Amador’s assessment comes as 2025 has been marked by a surge in high-profile exploits. While markets search for a new trust equilibrium, a lack of operational readiness is leaving many projects permanently weakened.
The First Hours Define a Project’s Fate
According to Amador, the moment an exploit is detected, most protocols effectively freeze. Teams often lack a clear understanding of how exposed they are and rarely have a predefined incident response plan for a large-scale breach.
This uncertainty slows decision-making. Valuable time is lost as teams debate whether to pause contracts or keep systems running. Amador stresses that additional losses frequently occur during these early hours, when improvisation replaces structured response and coordination breaks down.

Silence Doesn’t Repair Trust — It Amplifies Panic
Following a hack, many projects hesitate to pause smart contracts due to reputational concerns. At the same time, communication with users often collapses. According to Amador, this silence does not stabilize the situation — it intensifies fear.
“Nearly 80% of hacked projects never fully recover,” Amador notes, adding that the primary damage stems not from the initial loss of funds, but from operational breakdown and erosion of trust during the response phase. Once lost, that trust is rarely restored.
Fixing the Code Isn’t Enough
A similar warning comes from Alex Katz, CEO of Web3 security firm Kerberus. Katz argues that even technically resolved incidents often mark the beginning of a project’s decline. Users leave, liquidity dries up, and reputational damage becomes permanent.
At the same time, the nature of attacks is shifting. Smart contract vulnerabilities are no longer the dominant threat.

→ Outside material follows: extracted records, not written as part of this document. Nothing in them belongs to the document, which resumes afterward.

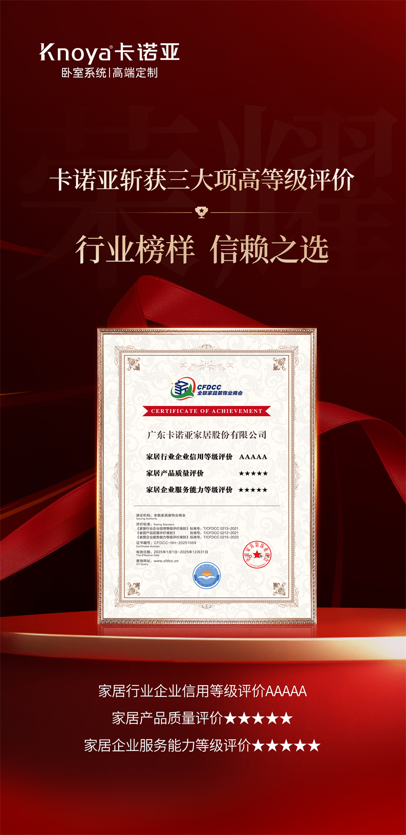 近日,全聯家具裝飾業商會公布家居行業企業相關評價結果,廣東91看片软件下载家居股份有限公司憑借在信用建設、產品質量與服務能力的綜合優勢,一舉斬獲家居行業企業信用等級評價AAAAA、家居產品質量評價★★★★★、家居企業服務能力等級評價★★★★★三項高等級評價認證,進一步佐證了91看片软件下载在信用、品質與服務層麵的綜合競爭實力,是消費者的信賴之選。
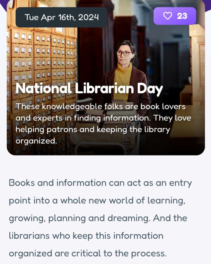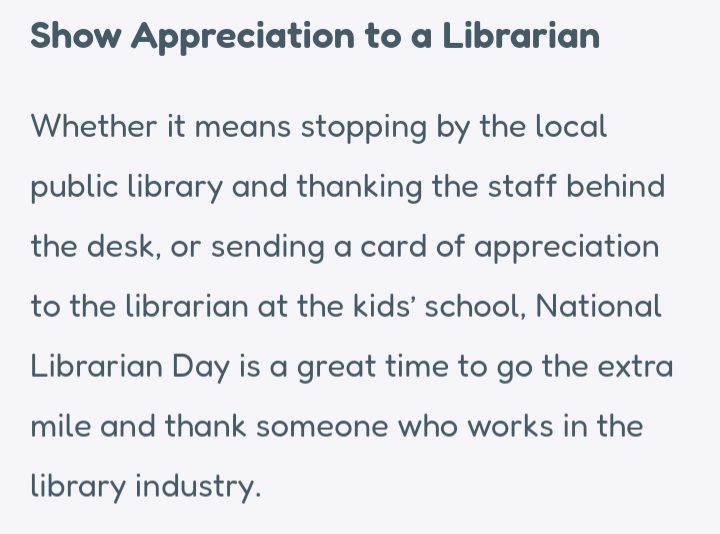 Gick fram till två bibliotekarier som stod och pratade och frågade om dom var just det. Visade mobilen att jag hade upptäckt att det var deras dag idag. Sa ”så jag vill bara tacka er för att ni finns”. Dom blev jätteglada och förvånade. Dom tackade mej så gott sa ”tack för att du finns”. Dagens goda gärning, kändes bra.
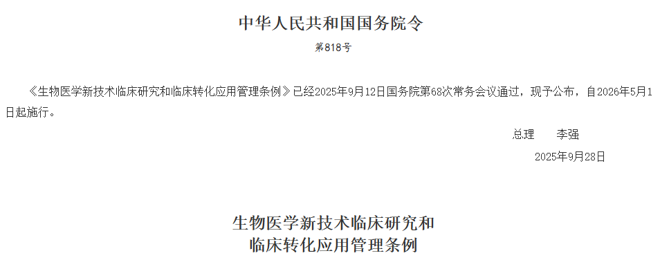 日前,《生物醫(yī)學(xué)新技術(shù)臨床研究和臨床轉(zhuǎn)化應(yīng)用管理條例》(以下簡稱《條例》)正式對外公布。該《條例》此前已獲國務(wù)院常務(wù)會議審議通過,將于2026年5月1日起正式施行,為我國生物醫(yī)學(xué)新技術(shù)的規(guī)范發(fā)展劃定明確框架。
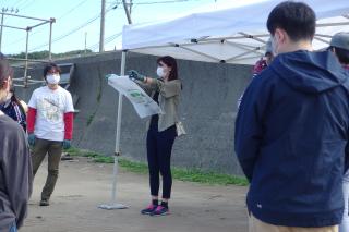 2回目の清掃実施となった今回は学生SDGsプロモーターを中心とした本学関係者のほか地元の方にもご参加いただき、海岸清掃をしながら海について・科学について学ぶことをコンセプトに、NPO法人Lily&Marry’S理事長である山田彩乃さん(本学Kawa理科*研究員)と「てらどまり若者会議~波音~」のご協力のもと実施しました。
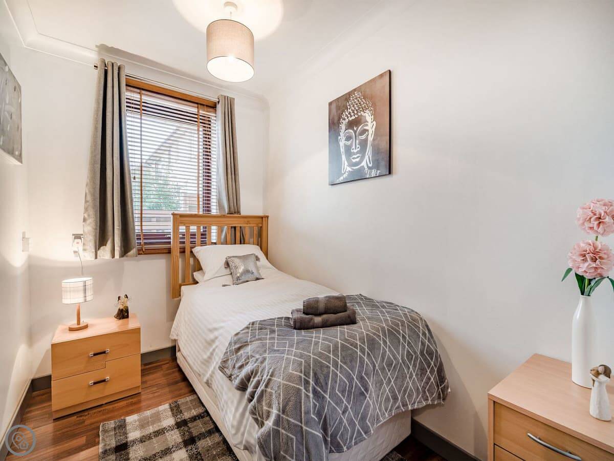 It sleeps six, in four bedrooms. There are two bathrooms. Everything's on one level, which is useful. It's got a 4 Star rating, so it's well looked after. The doors are wide enough for a wheelchair to get through.
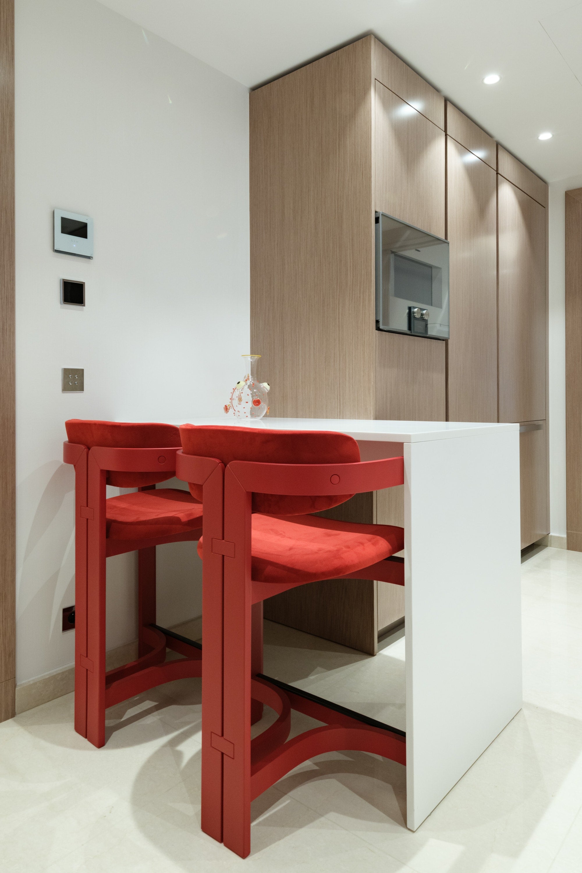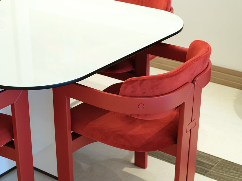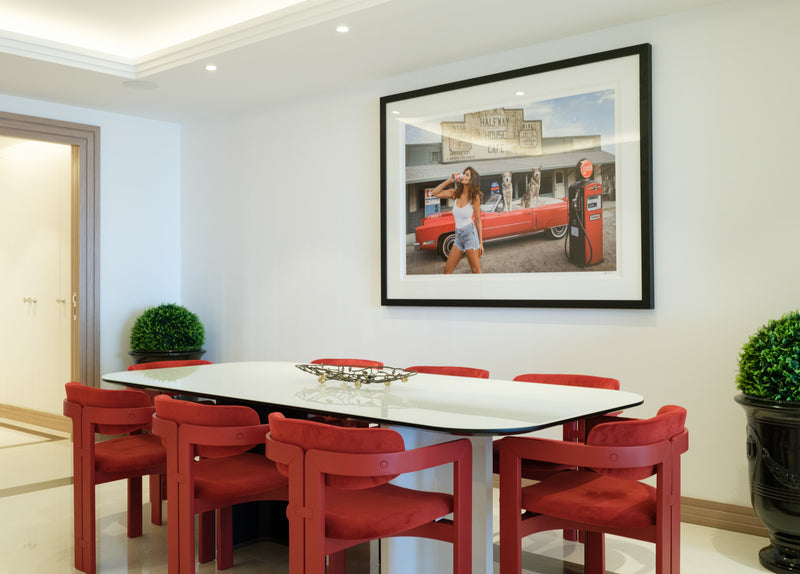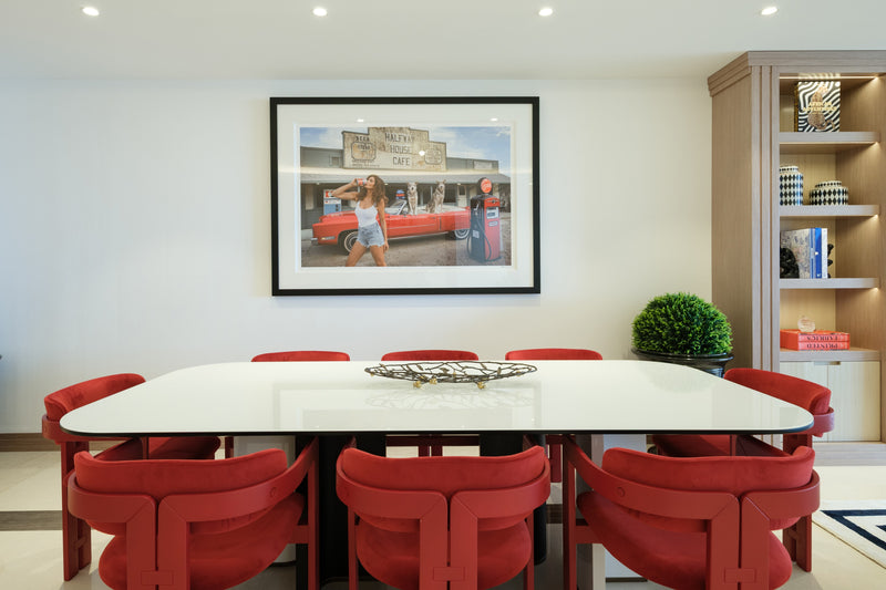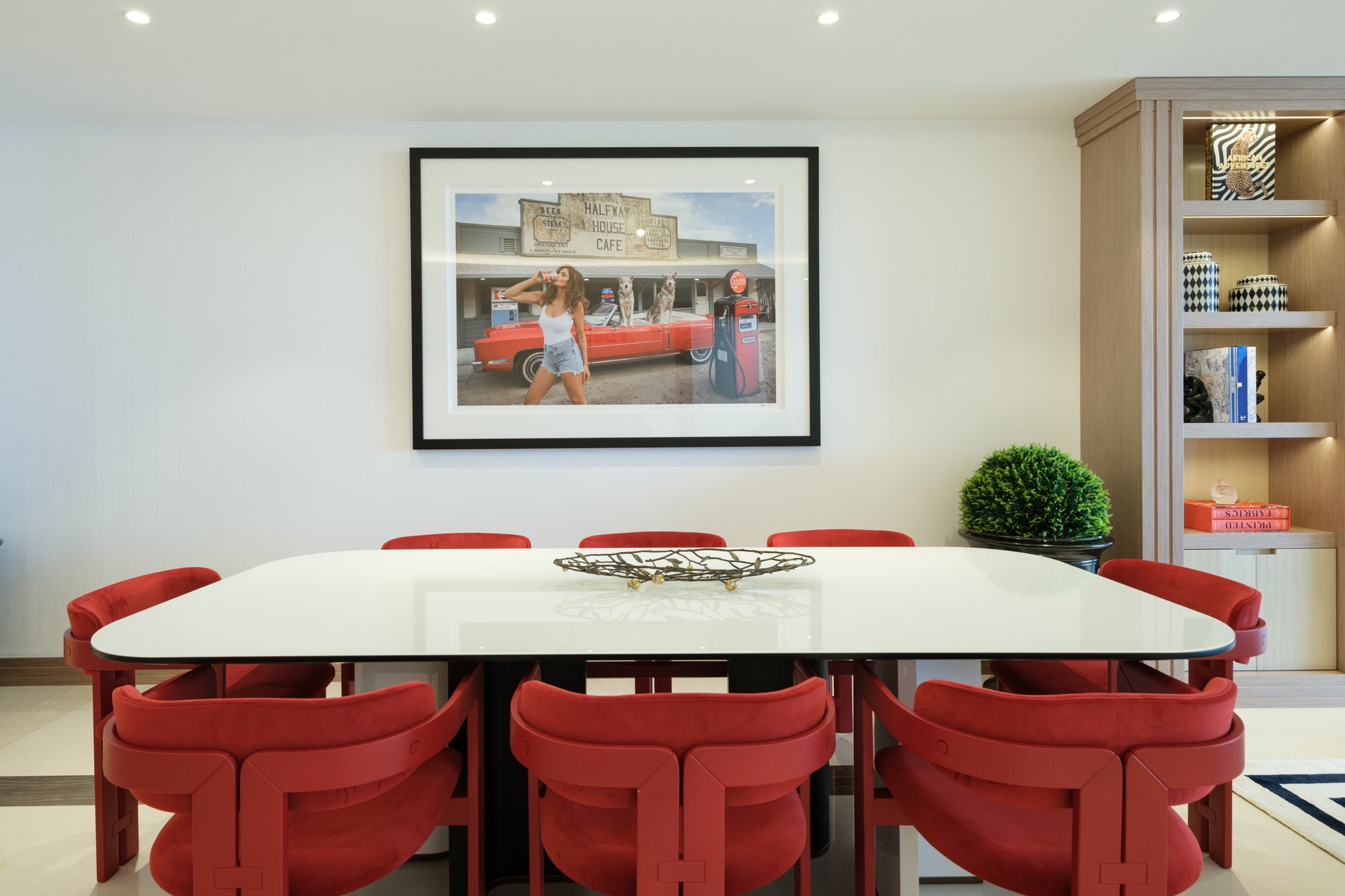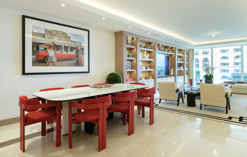 Vibrant red lacquered chairs surround a sculptural dining table, paired with a striking photographic artwork that sets a lively, contemporary tone. Blue and red cushions on the sofa echo the dining area’s palette and the artworks, adding rhythm and energy to the room without overwhelming its calm foundation.

Human error has become the weakest link, with users unknowingly approving malicious transactions, interacting with fake interfaces, or exposing private keys.

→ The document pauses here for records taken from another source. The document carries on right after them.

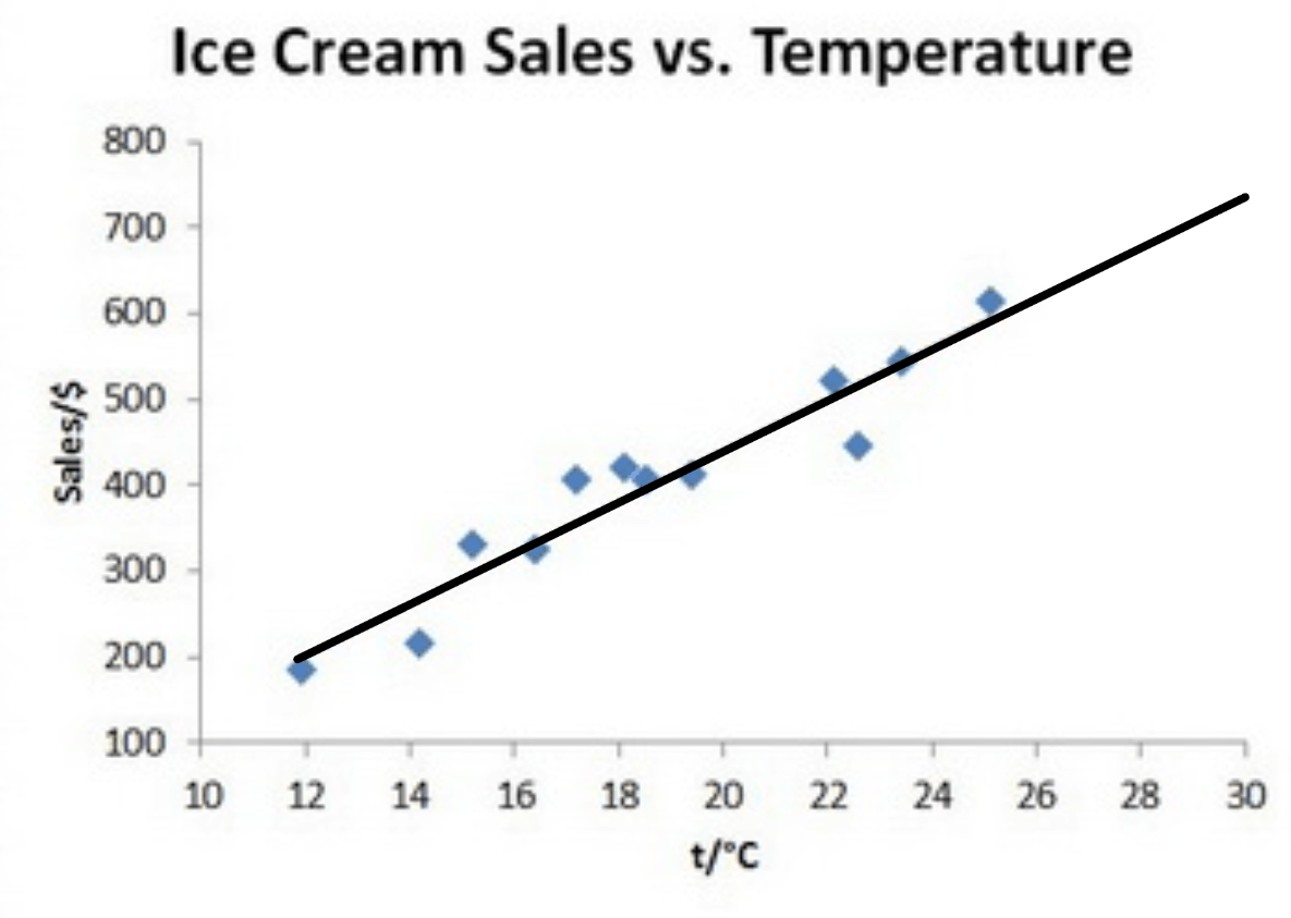 The trend line equation relating study time (x, hours) and grade on an exam (y, %) is shown below
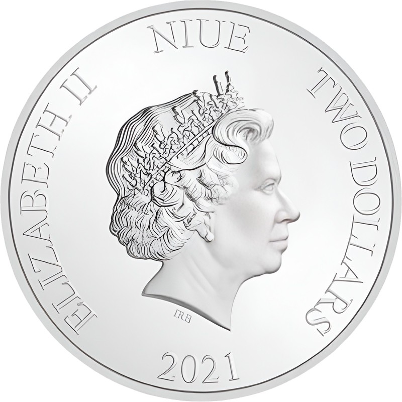 В центре - портрет Ее Величества Королевы Елизаветы II работы дизайнера Яна Рэнка-Бродли. Вдоль канта надписи: ELIZABETH II  NIUE  TWO DOLLARS  2021 (Елизавета II, страна-эмитент, номинал, год чеканки).
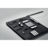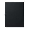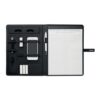 Porte-documents A4 en lin-PU avec fermoir. Chargement sans fil DC5V/1A. Powerbank de 4000 mAh avec un connecteur micro USB vers type C. Bloc-notes de 20 feuilles lignées. Porte-cartes. Porte-stylo. Plaque en aluminium noir idéale pour votre logo.
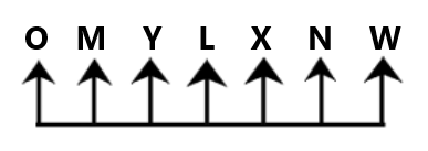 Seven people, L, M, N, O, W, X and Y, are sitting in a row, facing north (but notnecessarily in the same order).
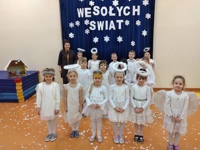 Aniołki z Oddziału Przedszkolnego z okazji Świąt Bożego Narodzenia przygotowały krótki program artystyczny chcąc w ten sposób życzyć wszystkim zdrowych, radosnych i spokojnych świąt.
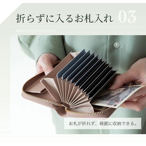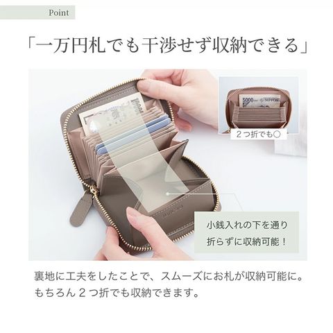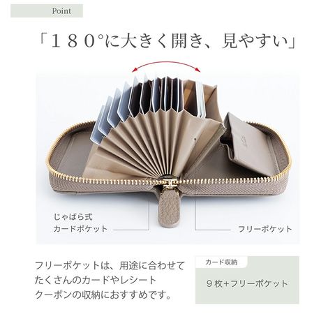 コンパクトなボディに、使いやすさのための工夫を詰め込みました。じゃばら式カードポケットでたっぷり大容量。ラウンドファスナーを開けば180度広がるので、使いたいカードが一目瞭然。小銭入れは便利なボックス型です。
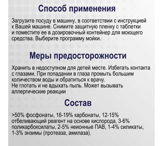 Способ применения: Загрузите посуду в машинку в соответствии с инструкцией. Снимите защитную плёнку с таблетки. Поместите таблетку в дозировочный контейнер для моющего средства.
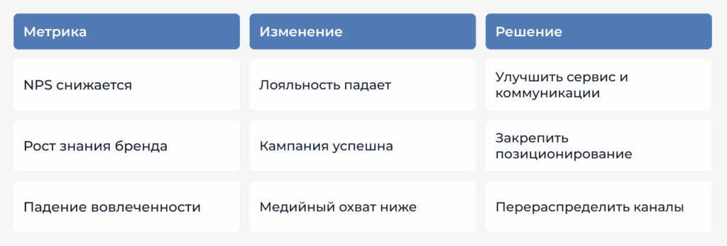 После выявления спада показателей NPS, CSAT или доверия, важно запускать прямые опросы для уточнения причин, быстро тестировать гипотезы, устранять проблемы.

Losses Hit Record Levels, Risk Turns Structural
Crypto security challenges intensified sharply in 2025. Total losses reached $3.4 billion, the highest level since 2022. Just three incidents accounted for 69% of all losses, with the $1.4 billion Bybit exploit standing out as a defining example.

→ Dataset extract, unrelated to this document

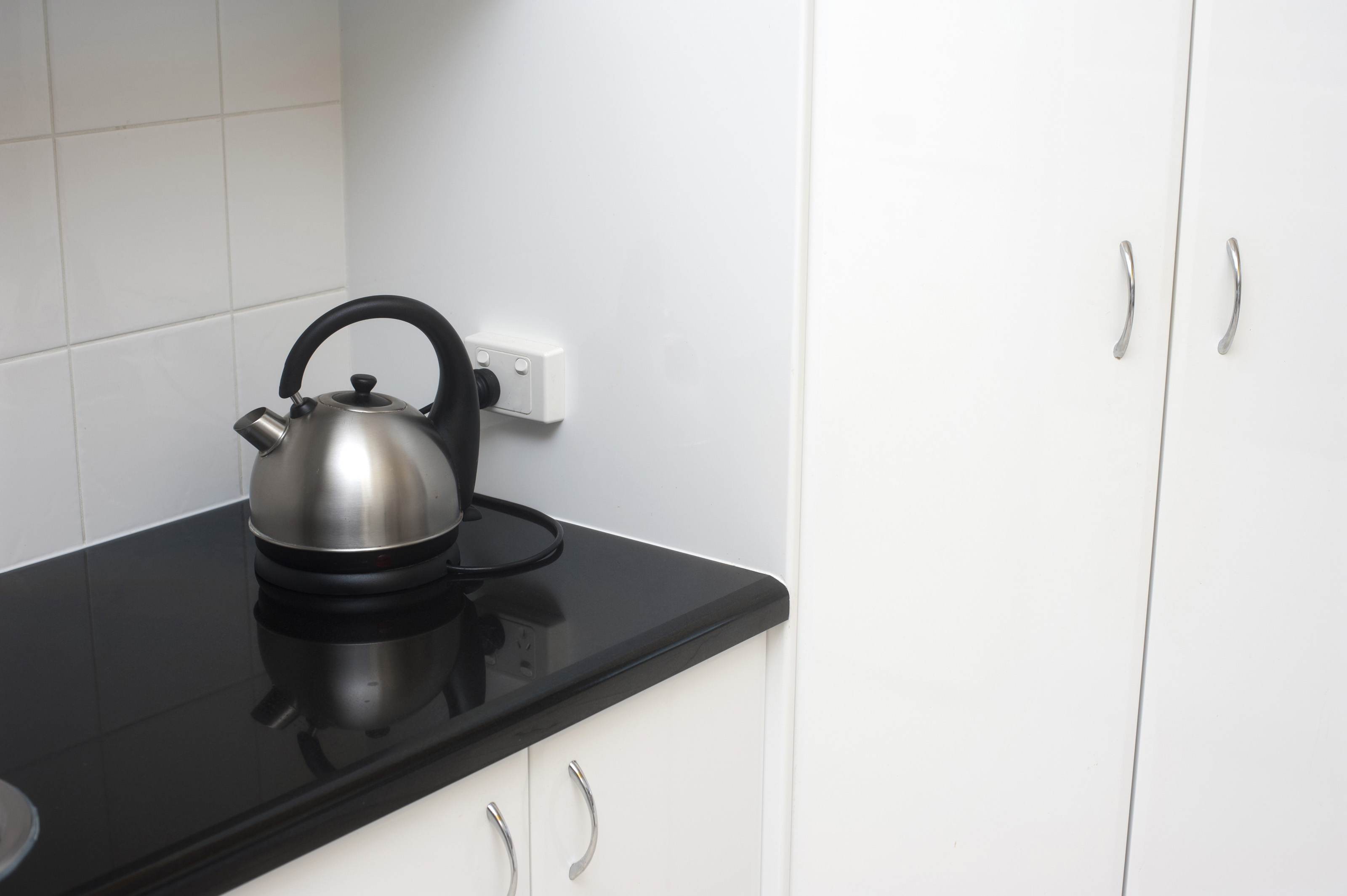 Modern electrical silver domed domestic kettle standing on a black countertop in a white tiled kitchen

Amador warns that AI-powered social engineering is accelerating this trend. Attackers can now deploy thousands of tailored phishing messages daily, pushing security risks far beyond smart contracts and into operational preparedness.
2026 Could Be Stronger — Under One Condition
Despite the grim data, Amador remains cautiously optimistic. He believes smart contract security is improving faster than ever, driven by better development standards, stronger audits, and more mature monitoring tools. In his view, 2026 could become the strongest year yet for smart contract security.
However, one issue remains unresolved: response readiness. Amador emphasizes that teams must act decisively and communicate immediately when incidents occur, even if the full scope is unclear. Early intervention, he argues, causes far less damage than allowing uncertainty to spiral.